"Time to break up Live Nation-Ticketmaster": DOJ files antitrust suit against ticket giant

Updated: Surviving outrage over ticketing fiascos and a crackdown on junk fees, this could be the biggest blow yet

Published May 22, 2024 10:17PM (EDT)
Updated May 23, 2024 2:34PM (EDT)
The Ticketmaster logo is seen in this photo illustration on 04 December, 2023 in Warsaw, Poland.  (Jaap Arriens/NurPhoto via Getty Images)
The Ticketmaster logo is seen in this photo illustration on 04 December, 2023 in Warsaw, Poland. (Jaap Arriens/NurPhoto via Getty Images)

Live Nation, the group behind Ticketmaster and countless controversies surrounding ticket fiascos, is facing a Department of Justice antitrust lawsuit, Attorney General Merrick Garland announced in a Thursday press conference.

"We allege ... [that] Live Nation relies on unlawful, anticompetitive conduct to exercise its monopolistic control over the live events industry," Garland said. "The result is that fans pay more in fees, artists have fewer opportunities to play concerts, smaller promoters get squeezed out, and venues have fewer real choices for ticketing services. It is time to break up Live Nation-Ticketmaster."

The company, which has allegedly engaged in price-gouging, tactics to push venues into exclusivity contracts, and other anti-competitive practices, has been the target of calls for regulation for years, coming to a head following the online sale for tickets to Taylor Swift’s “Eras Tour.”
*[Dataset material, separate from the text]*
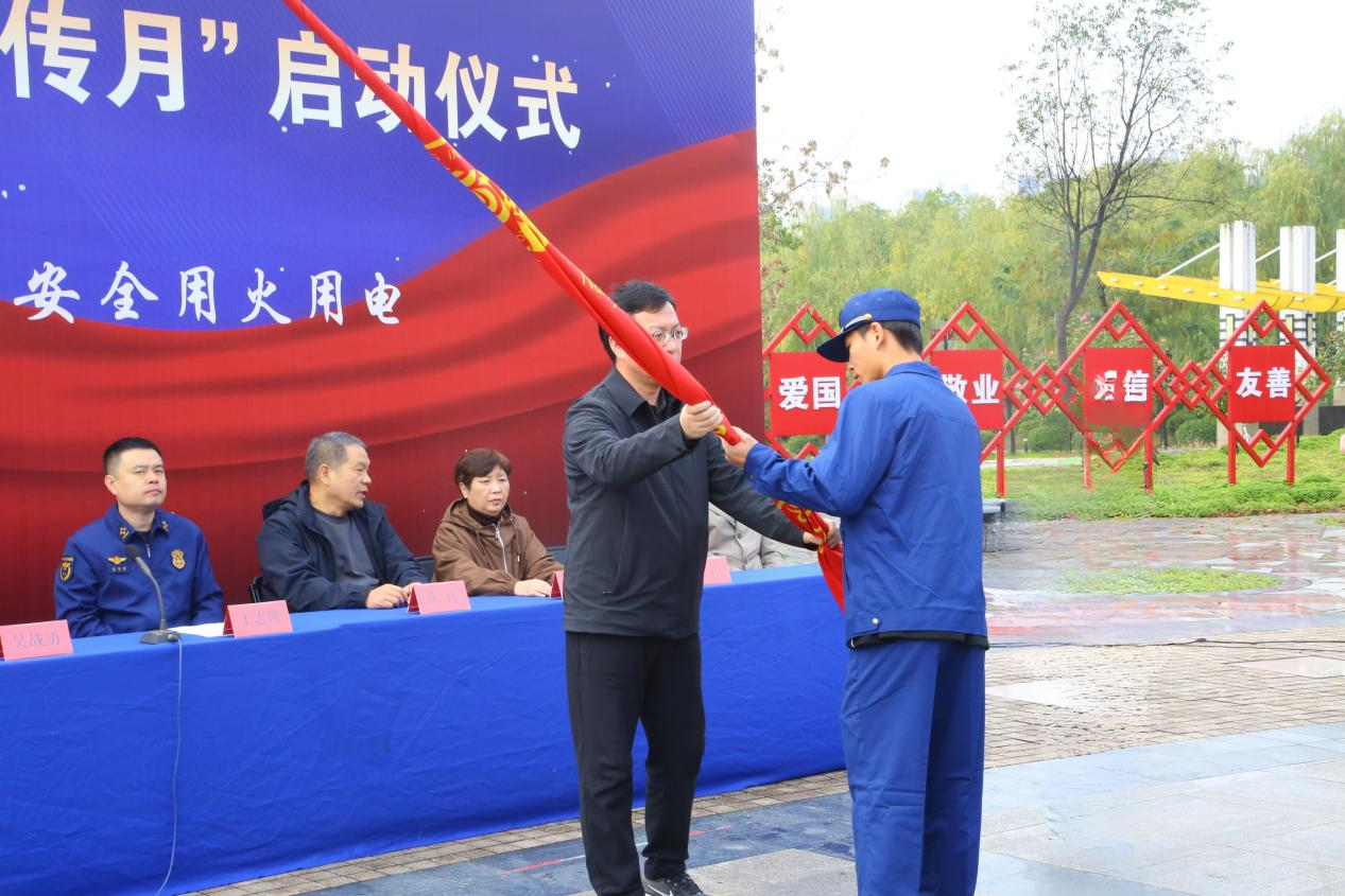启动仪式上,吴战勇副校长郑重地将写着“校园消防志愿者协会”的旗帜交到协会负责人手中,这面旗帜象征着责任与使命,也代表着全校师生的安全与期盼。吴校长鼓励志愿者们要把专业知识传递给每一位同学,让安全防范意识在校园生根发芽。

Congressional condemnation and a Senate Judiciary Committee hearing yielded few policy changes, but the DOJ probe could prove the most decisive blow to the events giant yet, which owns and operates venues, sells tickets, and promotes live events. 

Live Nation saw 23 million attendees and made nearly $4 billion dollars in revenue in the first quarter of 2024, a record high for the company. Federal oversight could change the structure of the California-based company, threatening their near-total grip on major sporting and music events in the U.S.

"Live Nation-Ticketmaster locks out competition ticketing through the use of long-term exclusive ticketing contracts with venues that can last over a decade," Garland said, adding that the company also maintains control by "acquiring venues themselves with exclusive agreements that cover more than 70% of concert ticket sales at major concert venues across the country."

The Biden Administration, which announced a crackdown on “junk fees” in 2023, requiring companies like Live Nation’s Ticketmaster to disclose full prices up front, has taken broad actions to rein in monopolistic companies from taking advantage of consumers.

Antitrust suits against Apple and Google, as well action against major mergers between Spirit and Frontier airlines and Kroger and Albertsons, have positioned the administration as one ready to take on mega-corporations, but Live Nation will likely put up a fight.

Per Politico, Live Nation executives and lawyers met earlier this month with DOJ antitrust officials to try and dissuade their efforts to break up the company.